What's up here? If you look at the debugging output, and try to read the
structure of the compiled regex, you'll find that it actually corresponds to
/(a*)[bc]/
. The optimizer has dropped the second star, because it
prefers the longest possible match with the star, so never needs to quantify
the whole group more than once anyway.
So again I had to fool the optimizer somehow: for example by requiring at
least two matches of the first group: (a*){2,}[bc]
. However the
experiment shows that it still didn't backtrack exponentially.

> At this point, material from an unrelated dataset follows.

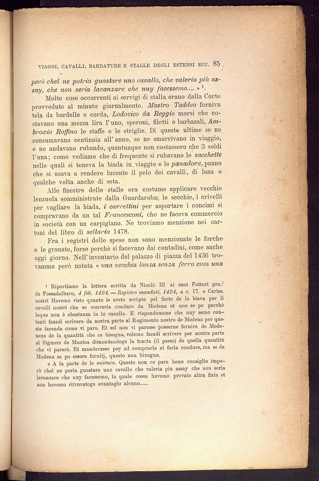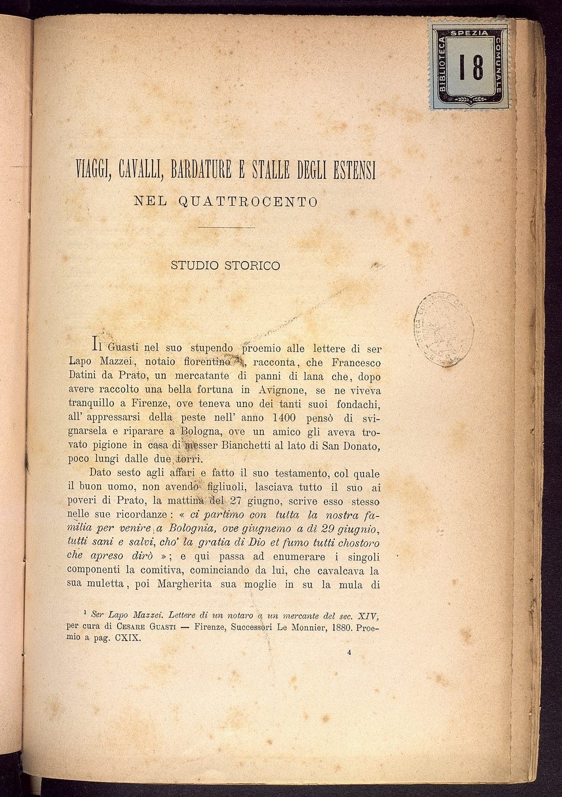 Titolo: Viaggi, cavalli, bardature e stalle degli Estensi nel 400 Studio storico

The next trick finally worked: also give it an upper limit. That defies the optimizer for some reasons not quite transparent to me:
$ time perl -e ' ("a" x shift) ~~ /(.*){1,32000}[bc]/' 25 real 0m8.856s user 0m8.841s sys 0m0.008s
That's nearly 9 seconds for a 25 character string, extending the string length to 27 already takes 35 seconds, 30 characters took 276 seconds. I did not have the patience to try it with any higher numbers - but it's clearly growing fast enough to satisfy my curiosity.
So after some fiddling I did find a malicious regex, but it was not quite a trivial task.